[Saved data entries]
▽

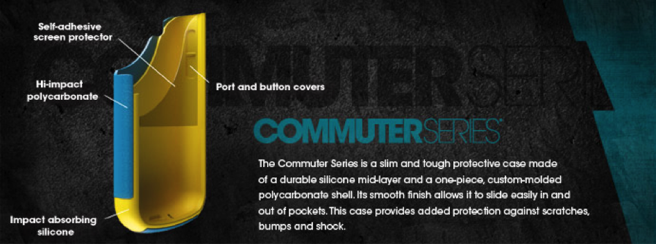 Dalším pouzdrem je Commuter . Toto pouzdro se skládá ze dvou částí . Silikon Vám zakryje celé tělo iPhonu včetně výstupu na sluchátka tak i dock konektoru . Samozřejmě lze tyto výstupy kdykoli otevřít. Na Silikon se dále nasazuje polycarbonový kryt , který celý telefon zpevní . Díky jemnému přesahu na display je zaručeno , že se sklo nikdy nedotkne podložky na které leží nebo případně spadne . Na obrázku vidíte průřez krytem .
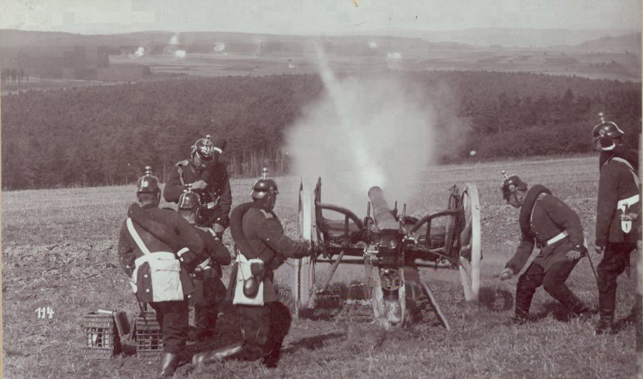 | The 7,7cm leichte Feld Kanone (l.F.K.) 96 a/A was a light field cannon adopted by the Feldartillerie (Field Artillery) in 1896. It was a conventional cannon, being a (slightly) modernized version of Krupp's leichte Feld Kanone 73. Unfortunately, it did not incorporate an effective recoil system other than the spade, requiring the cannon to be re-aimed after every round. In 1897 the French Army introduced their famous Canon de 75 modèle which immediately rendered the 7,7cm l.F.K.96 obsolete in all critical areas, such as rate of fire, accuracy, range, and protection as the 7,7cm l.F.K.96 had no shield. This led to an frantic re-arming of the Feldartillerie to a modern field cannon, which although different in every respect other than the calibre, was cleverly named the 7,7cm l.F.K. 96 n/A (neuer Art = new model). One important difference was that the 7,7cm l.F.K.96 a/A utilized separate ammunition where after the projectile was rammed home, a brass cartridge casing containing a set amount of propellant and the primer was inserted. 7,7cm leichte Feld Kanone (l.F.K.) a/A Data:
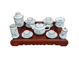 Bộ ấm chén men kem - hoa đào xanh - đầy đủ phụ kiện và khay gỗ hương
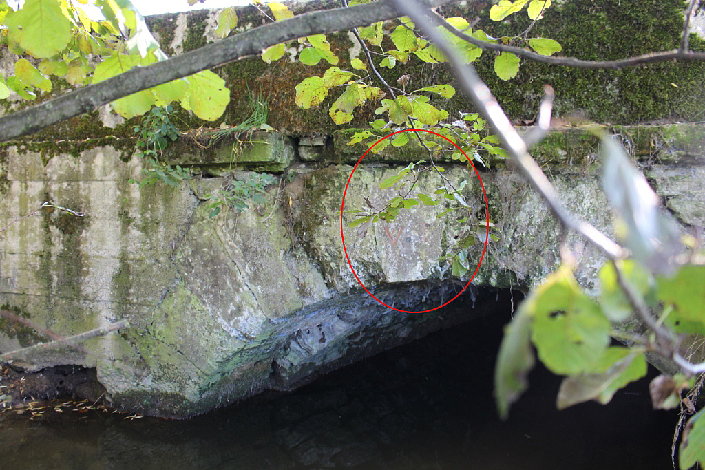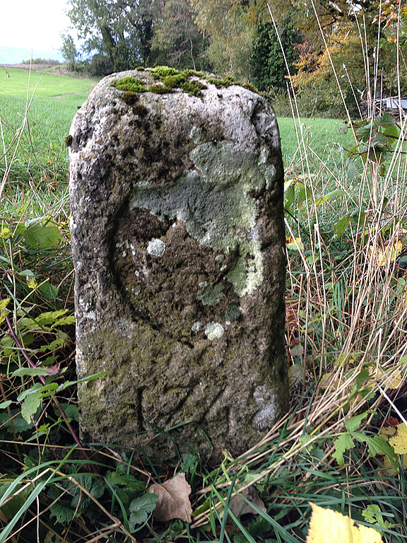Ci-contre, une borne bien singulière… ! Située sur un pont enjambant la Petite Glâne (au lieu-dit Vers le Moulin, lieu-dit qui a retrouvé cette appellation en 2005 alors qu’il la portait depuis les plus vieilles cartes topographiques jusqu’en 1954), il faut soit se pencher sur le parapet, au risque de prendre un bain involontaire, soit s’approcher de la berge pour l’observer depuis cet endroit.
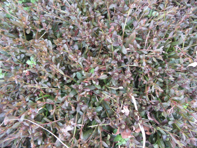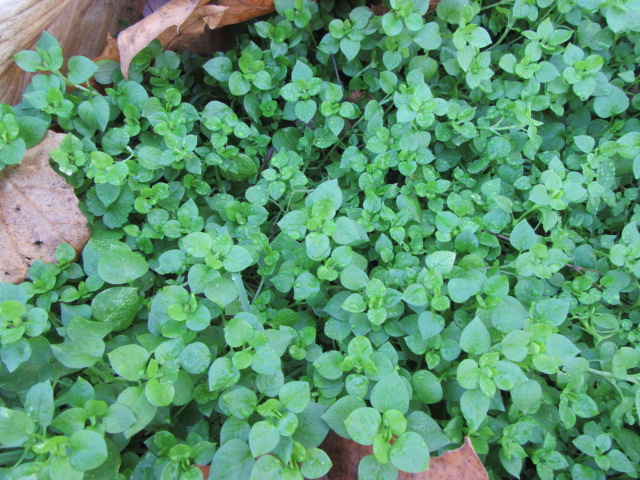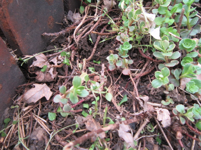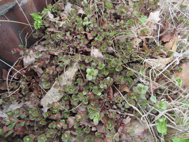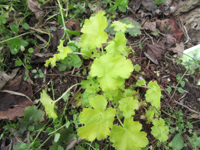 The Heuchera ‘Obsidian’ reportedly has the darkest leaves of the Heuchera cultivars but that depends a lot on the light. Oh, the Chickweed is also growing, which is definitely a sign of spring…
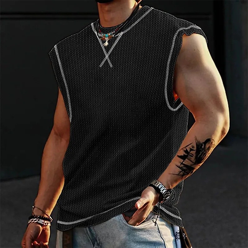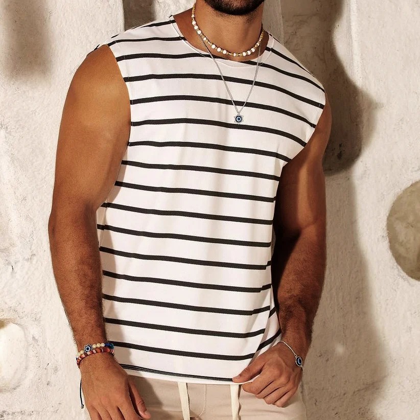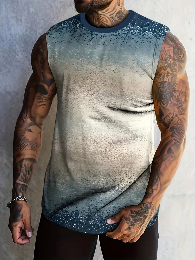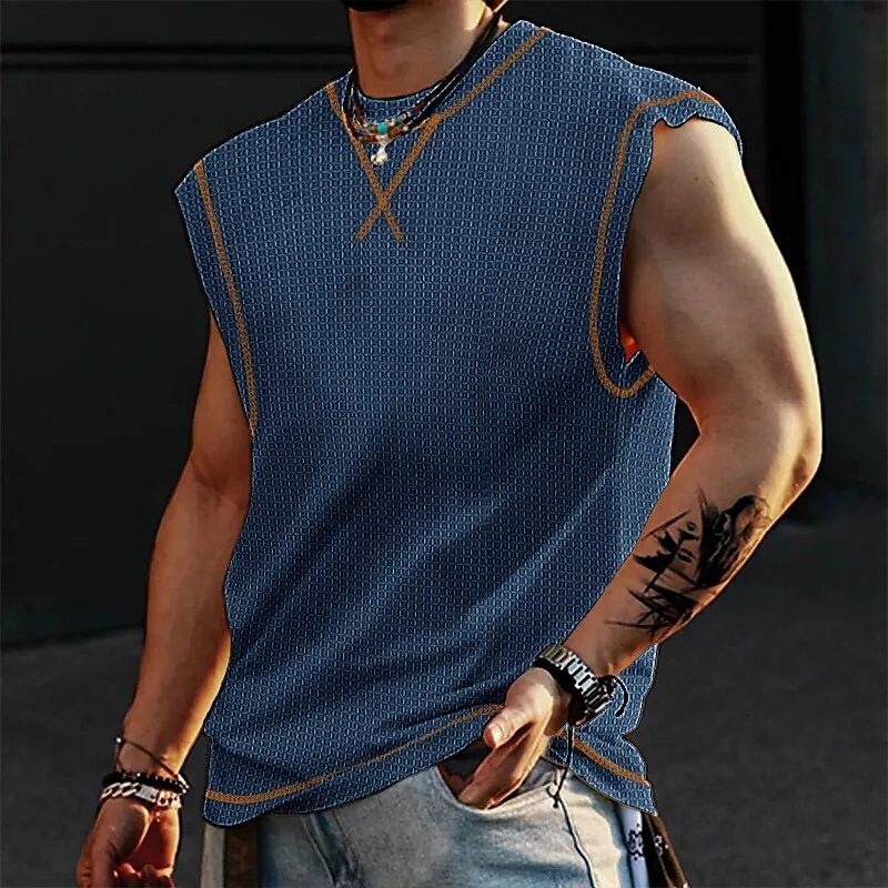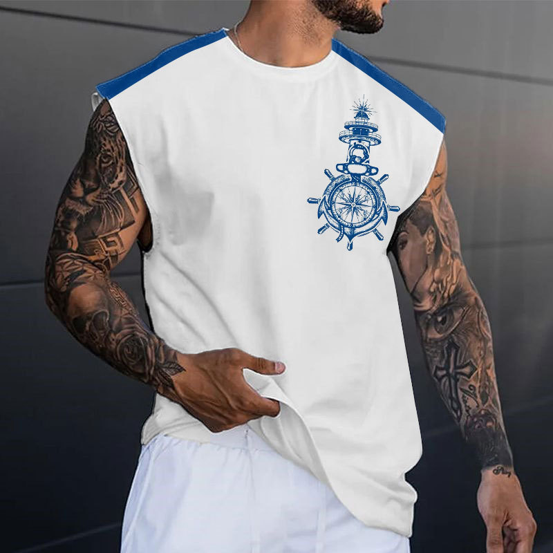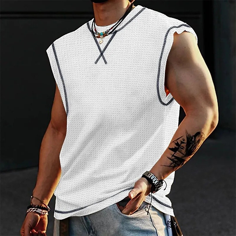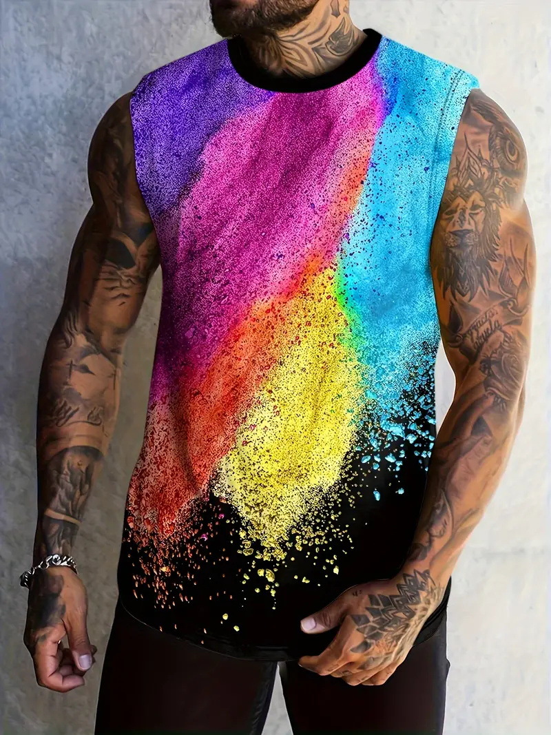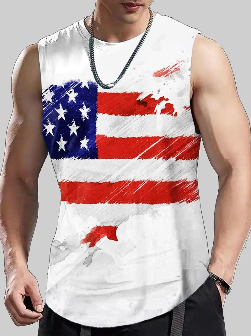 2024 여름 민소매 티셔츠 남성용 느슨한 허리 코트 스포츠 조끼 인 패션 브랜드 슬림 핏 트렌디 프린트 탑 MG2스토어 가기
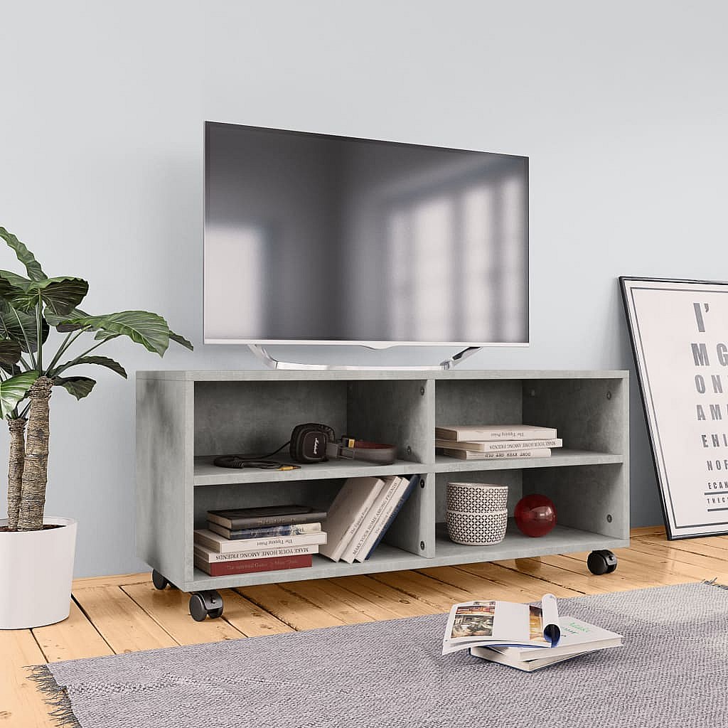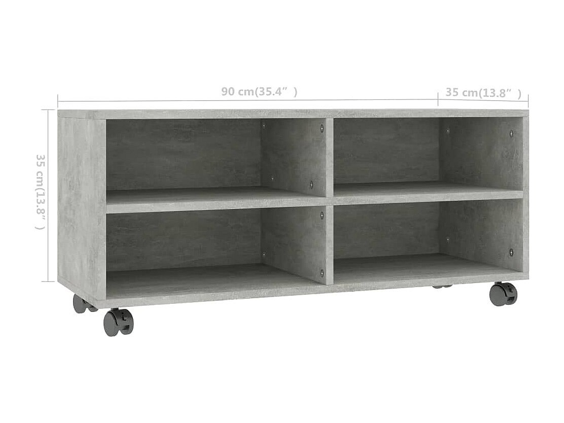 Yron Meuble TV avec roulettes Gris béton 90x35x35 cm Bois ingénierie
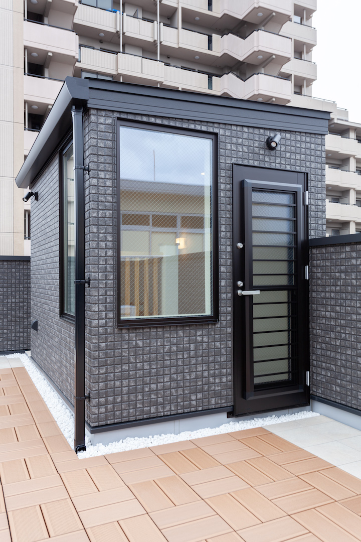 日当たり抜群ですので植物を育てたり、お客さんを招いてBBQしたり色々なことに活用できる屋上庭園です。
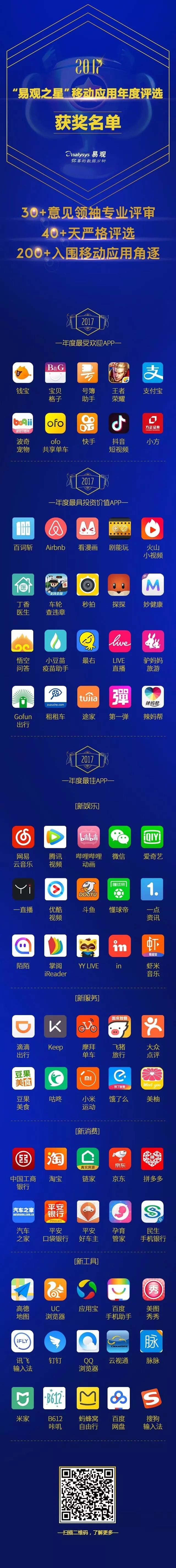 2017“易观之星”评选是基于易观千帆大数据系统,依托易观独家研发的实力矩阵模型,通过企业复合增长率、用户规模及实力矩阵并结合多位意见领袖的评定结果,最终筛选出获奖应用。而“年度最受欢迎APP”则由大众投票产生,可查看实时数据,保证评选过程的透明公正。
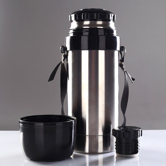 Лучшие цены. Термос универсальный "Дорожный" 1с672, 1.5 л, 49 °С, 24 ч, на ремне. Термосы ТМ «Амет» изготавливают из коррозионно-стойкой стали. Этот материал переносит лёгкие удары и не боится вибраций. Изделия имеют двойную металлическую колбу с глубоким вакуумом, поэтому сохраняют тепло на долгое время. Используйте термос универсальный "Дорожный" 1с672, 1.5 л, 49 °С, 24 ч, на ремне дома, на даче, берите с собой на работу, рыбалку и охоту, в походы и путешествия. (1303051). Магазины в вашем городе.
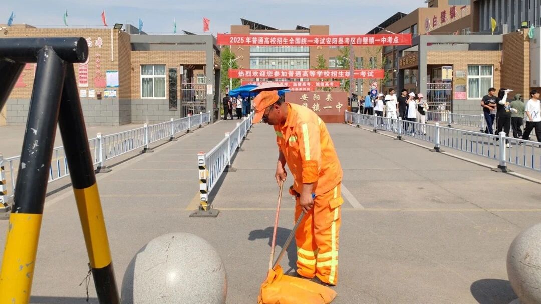 在高考期间,福龙马河南项目公司的领导带队深入和谐路高考点位及周边区域,仔细查看了道路清扫保洁情况,重点检查考点入口、家长等候区等关键区域的卫生状况,并在现场安排保洁力量,要求各部门加强联动,增加巡查频次,确保无卫生死角,为考生和家长提供良好的环境服务。
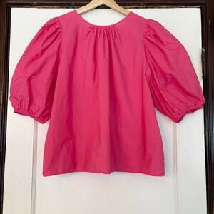 Handmade Reversible Fuchsia Pink Cotton Tie Puff Sleeve Top— Size Large
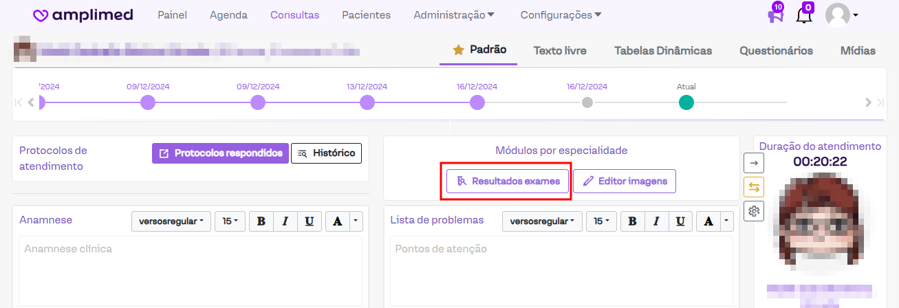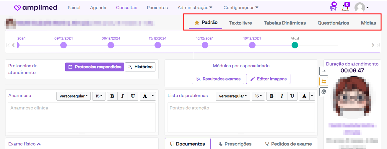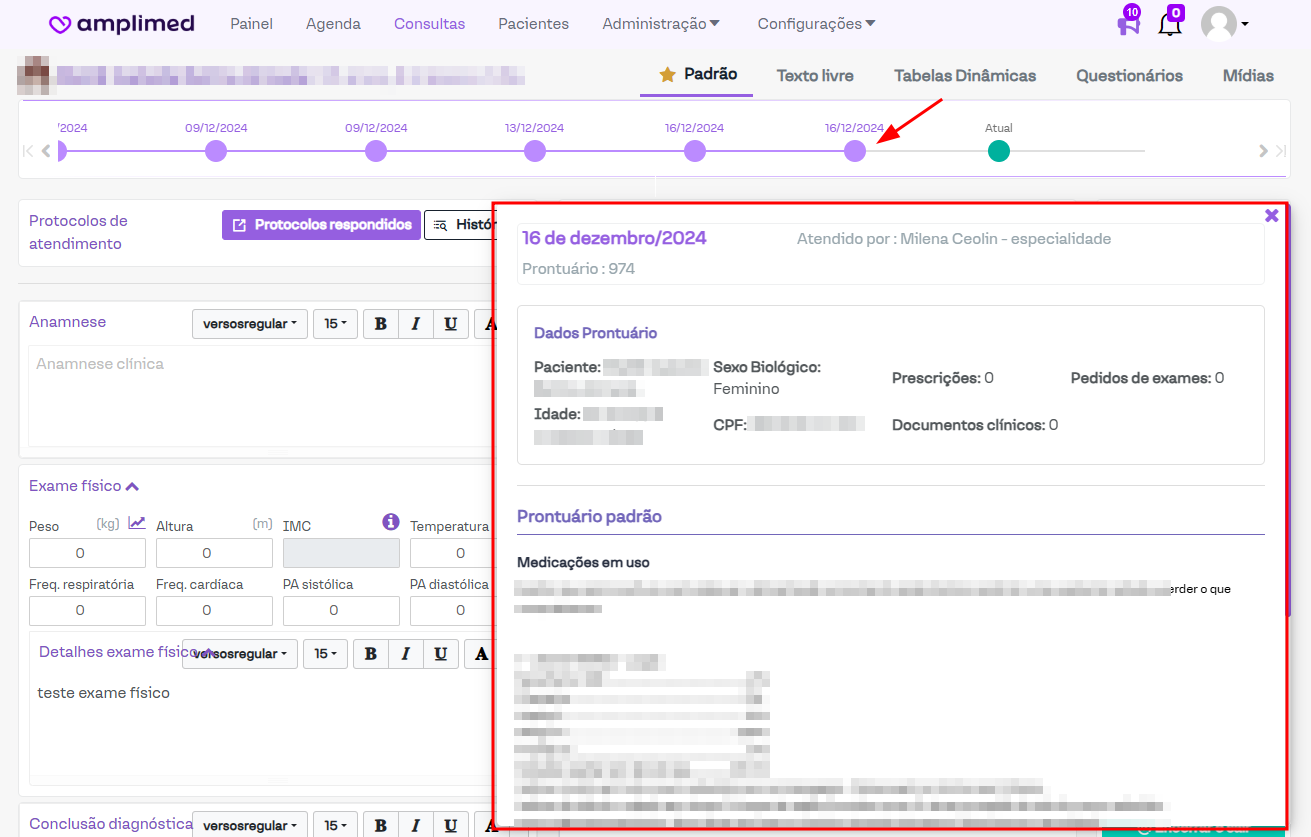 Nesta parte do prontuário, é possível visualizar os atendimentos anteriores do paciente. Ao clicar sobre uma data na linha do tempo, será possível acessar as informações do prontuário referentes à data selecionada.
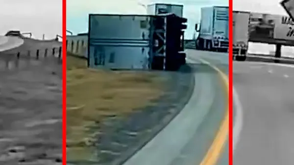 فیلم واژگون شدن کامیون بر اثر باد شدید در آمریکا
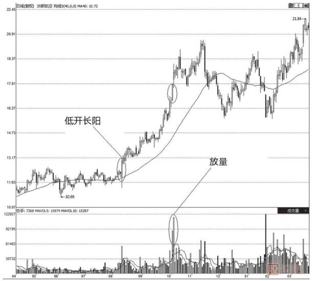 圖3-42為洪都航空(600316)2005年8月~2005年12月的股價(jià)走勢圖。從上圖可以看出股價(jià)在大幅上漲的過程中會出現(xiàn)各種各樣的異動情況。如該股在2005年8月10日出現(xiàn)低開長陽,之后的連續(xù)幾天都走出了陽線,移動均線也呈現(xiàn)發(fā)散的形態(tài)支撐該股的上漲,在2005年10月10日該股還出現(xiàn)了“十字星”的形態(tài),并且在2005年10月11日的時(shí)候又出現(xiàn)了放量上漲,當(dāng)日拉出長陽線,之后股價(jià)一路上升,創(chuàng)出股價(jià)新高10.95元,在短短兩個(gè)月的時(shí)間內(nèi)股價(jià)的漲幅近100%。
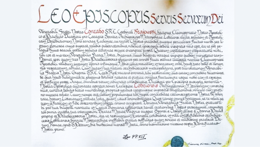 Nowym metropolitą łódzkim został dotychczasowy jałmużnik papieski, pochodzący z Łodzi kard. Konrad Krajewski. Decyzja Ojca Świętego Leona XIV, została podana do publicznej wiadomości w czwartek 12 marca br. Kardynał Konrad Krajewski ma 63 lata, trzynaście lat temu przyjął sakrę biskupią, a osiem lat temu został kreowany kardynałem. Mottem swojej biskupiej posługi uczynił słowa: Misericordia.

△

**Task prompt:**
Without including any picture, retype the entries exactly.

**Result of this exercise:**
 Dalším pouzdrem je Commuter . Toto pouzdro se skládá ze dvou částí . Silikon Vám zakryje celé tělo iPhonu včetně výstupu na sluchátka tak i dock konektoru . Samozřejmě lze tyto výstupy kdykoli otevřít. Na Silikon se dále nasazuje polycarbonový kryt , který celý telefon zpevní . Díky jemnému přesahu na display je zaručeno , že se sklo nikdy nedotkne podložky na které leží nebo případně spadne . Na obrázku vidíte průřez krytem .
 | The 7,7cm leichte Feld Kanone (l.F.K.) 96 a/A was a light field cannon adopted by the Feldartillerie (Field Artillery) in 1896. It was a conventional cannon, being a (slightly) modernized version of Krupp's leichte Feld Kanone 73. Unfortunately, it did not incorporate an effective recoil system other than the spade, requiring the cannon to be re-aimed after every round. In 1897 the French Army introduced their famous Canon de 75 modèle which immediately rendered the 7,7cm l.F.K.96 obsolete in all critical areas, such as rate of fire, accuracy, range, and protection as the 7,7cm l.F.K.96 had no shield. This led to an frantic re-arming of the Feldartillerie to a modern field cannon, which although different in every respect other than the calibre, was cleverly named the 7,7cm l.F.K. 96 n/A (neuer Art = new model). One important difference was that the 7,7cm l.F.K.96 a/A utilized separate ammunition where after the projectile was rammed home, a brass cartridge casing containing a set amount of propellant and the primer was inserted. 7,7cm leichte Feld Kanone (l.F.K.) a/A Data:
 Bộ ấm chén men kem - hoa đào xanh - đầy đủ phụ kiện và khay gỗ hương
Ci-contre, une borne bien singulière… ! Située sur un pont enjambant la Petite Glâne (au lieu-dit Vers le Moulin, lieu-dit qui a retrouvé cette appellation en 2005 alors qu’il la portait depuis les plus vieilles cartes topographiques jusqu’en 1954), il faut soit se pencher sur le parapet, au risque de prendre un bain involontaire, soit s’approcher de la berge pour l’observer depuis cet endroit.
 The Heuchera ‘Obsidian’ reportedly has the darkest leaves of the Heuchera cultivars but that depends a lot on the light. Oh, the Chickweed is also growing, which is definitely a sign of spring…
 2024 여름 민소매 티셔츠 남성용 느슨한 허리 코트 스포츠 조끼 인 패션 브랜드 슬림 핏 트렌디 프린트 탑 MG2스토어 가기
 Yron Meuble TV avec roulettes Gris béton 90x35x35 cm Bois ingénierie
 日当たり抜群ですので植物を育てたり、お客さんを招いてBBQしたり色々なことに活用できる屋上庭園です。
 2017“易观之星”评选是基于易观千帆大数据系统,依托易观独家研发的实力矩阵模型,通过企业复合增长率、用户规模及实力矩阵并结合多位意见领袖的评定结果,最终筛选出获奖应用。而“年度最受欢迎APP”则由大众投票产生,可查看实时数据,保证评选过程的透明公正。
 Лучшие цены. Термос универсальный "Дорожный" 1с672, 1.5 л, 49 °С, 24 ч, на ремне. Термосы ТМ «Амет» изготавливают из коррозионно-стойкой стали. Этот материал переносит лёгкие удары и не боится вибраций. Изделия имеют двойную металлическую колбу с глубоким вакуумом, поэтому сохраняют тепло на долгое время. Используйте термос универсальный "Дорожный" 1с672, 1.5 л, 49 °С, 24 ч, на ремне дома, на даче, берите с собой на работу, рыбалку и охоту, в походы и путешествия. (1303051). Магазины в вашем городе.
 在高考期间,福龙马河南项目公司的领导带队深入和谐路高考点位及周边区域,仔细查看了道路清扫保洁情况,重点检查考点入口、家长等候区等关键区域的卫生状况,并在现场安排保洁力量,要求各部门加强联动,增加巡查频次,确保无卫生死角,为考生和家长提供良好的环境服务。
 Handmade Reversible Fuchsia Pink Cotton Tie Puff Sleeve Top— Size Large
 Nesta parte do prontuário, é possível visualizar os atendimentos anteriores do paciente. Ao clicar sobre uma data na linha do tempo, será possível acessar as informações do prontuário referentes à data selecionada.
 فیلم واژگون شدن کامیون بر اثر باد شدید در آمریکا
 圖3-42為洪都航空(600316)2005年8月~2005年12月的股價(jià)走勢圖。從上圖可以看出股價(jià)在大幅上漲的過程中會出現(xiàn)各種各樣的異動情況。如該股在2005年8月10日出現(xiàn)低開長陽,之后的連續(xù)幾天都走出了陽線,移動均線也呈現(xiàn)發(fā)散的形態(tài)支撐該股的上漲,在2005年10月10日該股還出現(xiàn)了“十字星”的形態(tài),并且在2005年10月11日的時(shí)候又出現(xiàn)了放量上漲,當(dāng)日拉出長陽線,之后股價(jià)一路上升,創(chuàng)出股價(jià)新高10.95元,在短短兩個(gè)月的時(shí)間內(nèi)股價(jià)的漲幅近100%。
 Nowym metropolitą łódzkim został dotychczasowy jałmużnik papieski, pochodzący z Łodzi kard. Konrad Krajewski. Decyzja Ojca Świętego Leona XIV, została podana do publicznej wiadomości w czwartek 12 marca br. Kardynał Konrad Krajewski ma 63 lata, trzynaście lat temu przyjął sakrę biskupią, a osiem lat temu został kreowany kardynałem. Mottem swojej biskupiej posługi uczynił słowa: Misericordia.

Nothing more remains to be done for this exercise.